## Work to be completed
Aside from the pictures, copy the listing exactly.

[Opening The data section]

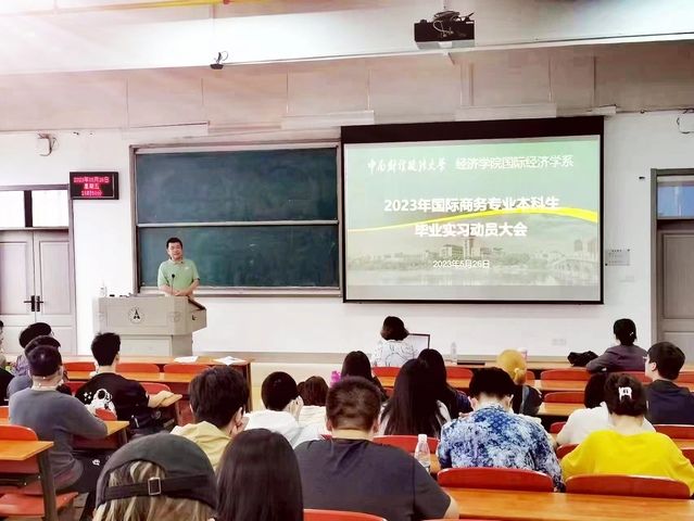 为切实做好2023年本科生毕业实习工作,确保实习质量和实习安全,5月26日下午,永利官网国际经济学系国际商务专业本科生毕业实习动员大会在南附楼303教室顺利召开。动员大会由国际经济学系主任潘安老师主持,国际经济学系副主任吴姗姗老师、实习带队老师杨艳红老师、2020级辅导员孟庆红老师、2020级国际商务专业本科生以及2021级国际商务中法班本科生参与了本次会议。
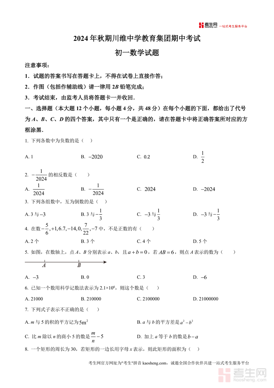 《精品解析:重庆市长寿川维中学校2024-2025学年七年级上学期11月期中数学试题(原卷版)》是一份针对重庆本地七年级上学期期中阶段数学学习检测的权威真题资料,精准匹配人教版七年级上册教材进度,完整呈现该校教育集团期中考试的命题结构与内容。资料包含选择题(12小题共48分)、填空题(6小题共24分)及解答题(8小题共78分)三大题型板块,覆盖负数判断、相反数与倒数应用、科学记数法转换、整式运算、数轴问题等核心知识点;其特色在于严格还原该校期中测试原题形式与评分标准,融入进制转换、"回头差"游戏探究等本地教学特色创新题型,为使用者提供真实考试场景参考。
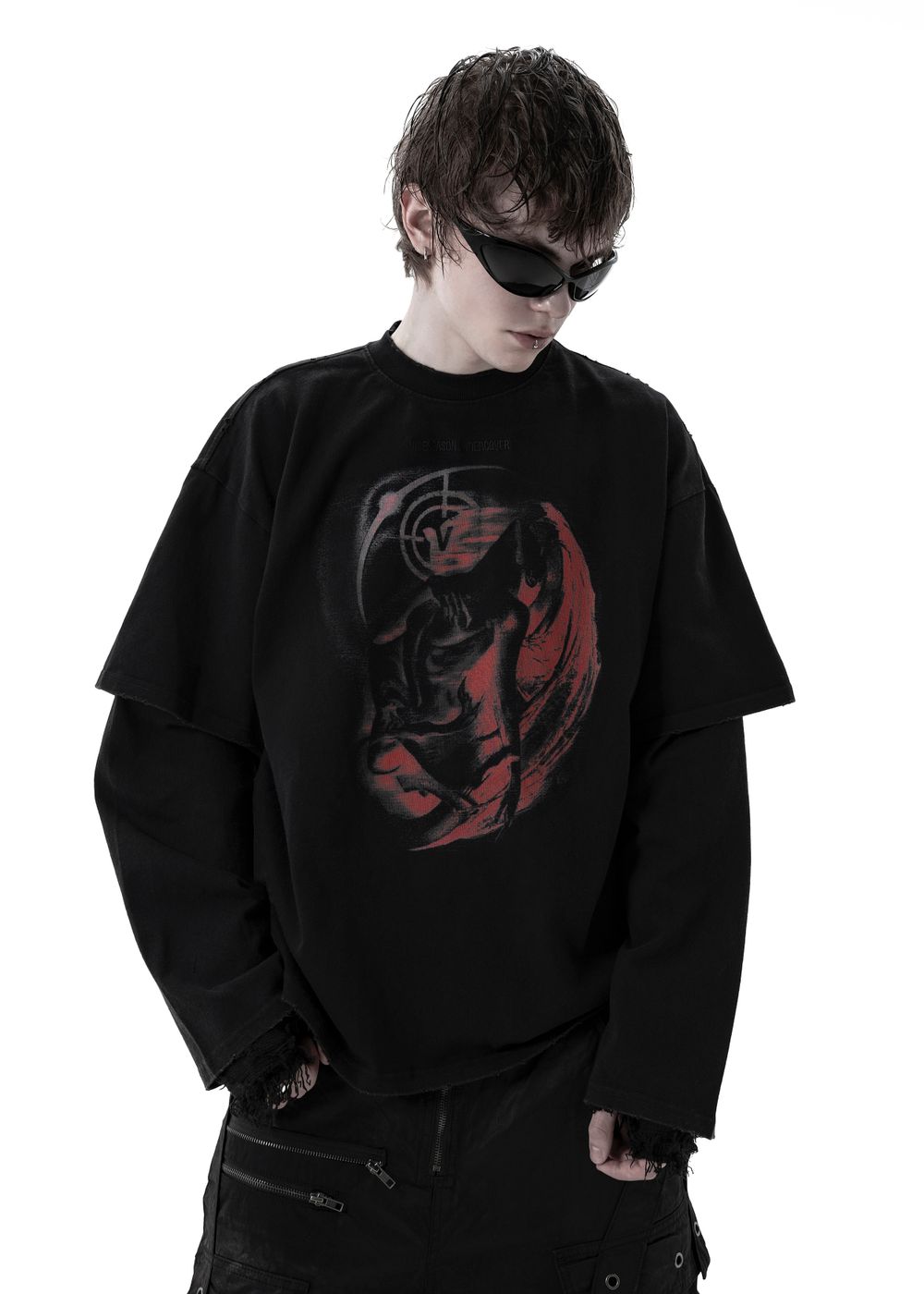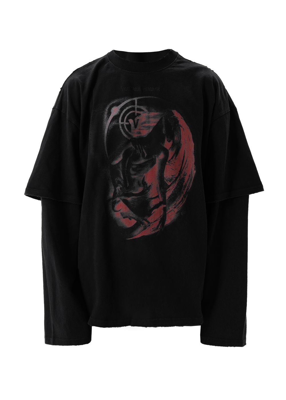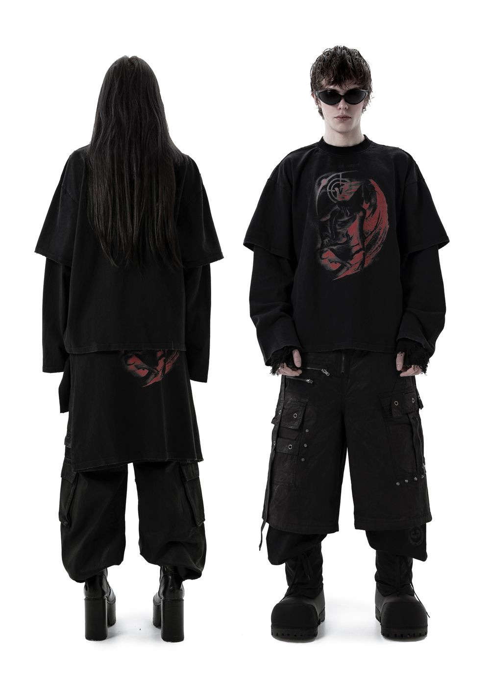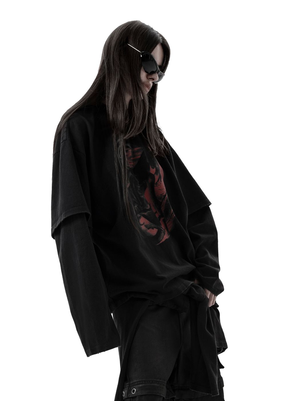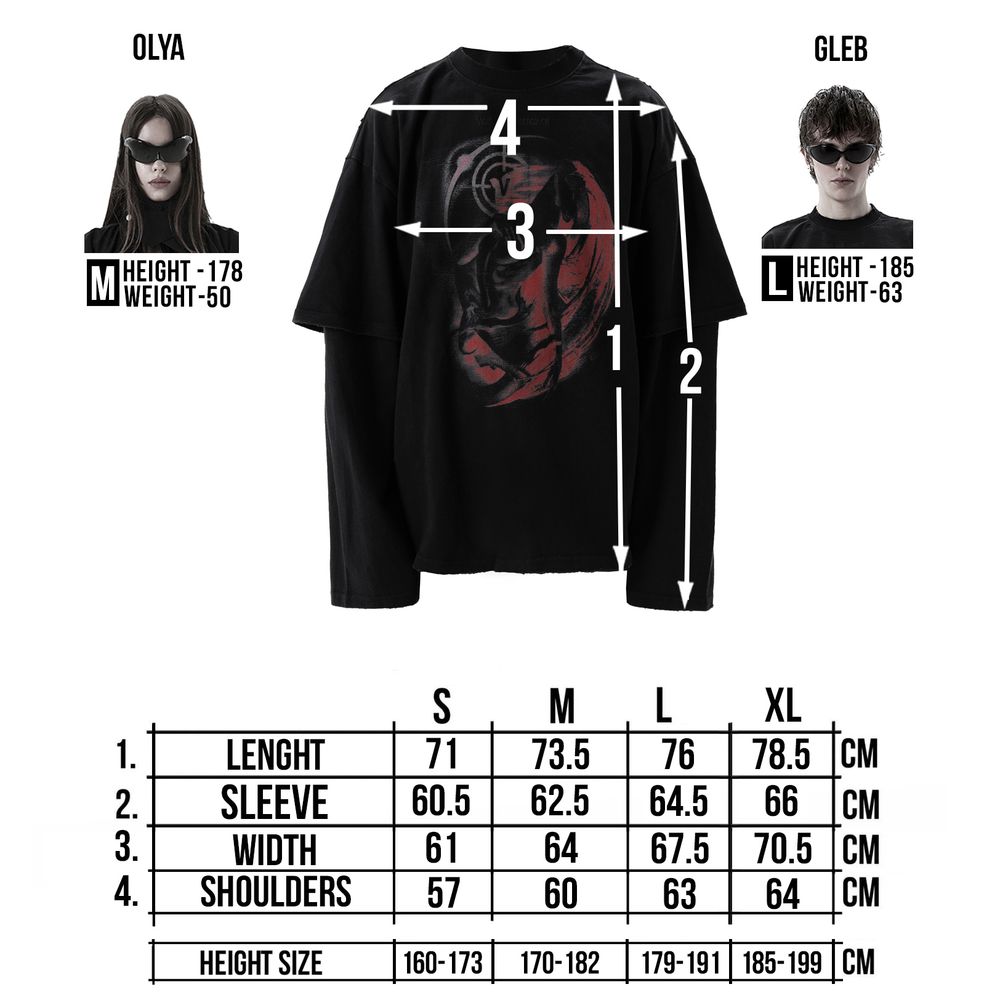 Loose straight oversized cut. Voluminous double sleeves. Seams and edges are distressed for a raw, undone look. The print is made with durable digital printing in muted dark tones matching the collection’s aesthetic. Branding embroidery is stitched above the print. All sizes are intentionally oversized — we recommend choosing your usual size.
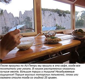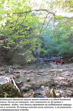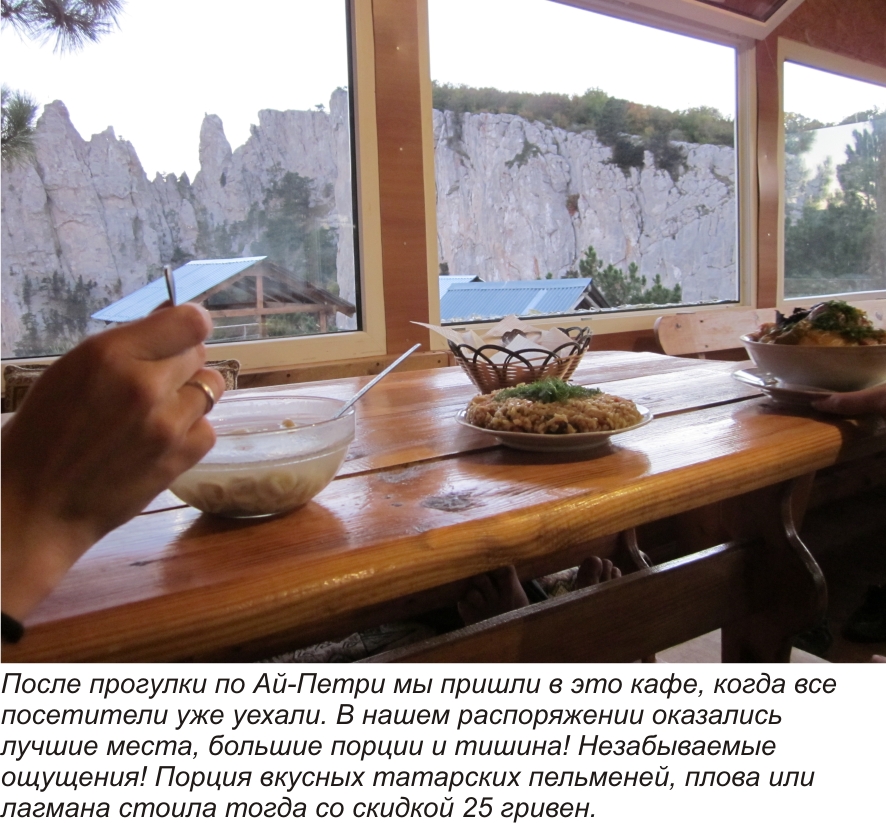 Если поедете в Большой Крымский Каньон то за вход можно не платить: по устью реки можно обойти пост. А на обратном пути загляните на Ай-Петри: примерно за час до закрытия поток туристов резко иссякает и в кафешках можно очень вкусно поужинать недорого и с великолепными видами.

[Closing The data section]

## Solution
 为切实做好2023年本科生毕业实习工作,确保实习质量和实习安全,5月26日下午,永利官网国际经济学系国际商务专业本科生毕业实习动员大会在南附楼303教室顺利召开。动员大会由国际经济学系主任潘安老师主持,国际经济学系副主任吴姗姗老师、实习带队老师杨艳红老师、2020级辅导员孟庆红老师、2020级国际商务专业本科生以及2021级国际商务中法班本科生参与了本次会议。
 《精品解析:重庆市长寿川维中学校2024-2025学年七年级上学期11月期中数学试题(原卷版)》是一份针对重庆本地七年级上学期期中阶段数学学习检测的权威真题资料,精准匹配人教版七年级上册教材进度,完整呈现该校教育集团期中考试的命题结构与内容。资料包含选择题(12小题共48分)、填空题(6小题共24分)及解答题(8小题共78分)三大题型板块,覆盖负数判断、相反数与倒数应用、科学记数法转换、整式运算、数轴问题等核心知识点;其特色在于严格还原该校期中测试原题形式与评分标准,融入进制转换、"回头差"游戏探究等本地教学特色创新题型,为使用者提供真实考试场景参考。
 Loose straight oversized cut. Voluminous double sleeves. Seams and edges are distressed for a raw, undone look. The print is made with durable digital printing in muted dark tones matching the collection’s aesthetic. Branding embroidery is stitched above the print. All sizes are intentionally oversized — we recommend choosing your usual size.
 Если поедете в Большой Крымский Каньон то за вход можно не платить: по устью реки можно обойти пост. А на обратном пути загляните на Ай-Петри: примерно за час до закрытия поток туристов резко иссякает и в кафешках можно очень вкусно поужинать недорого и с великолепными видами.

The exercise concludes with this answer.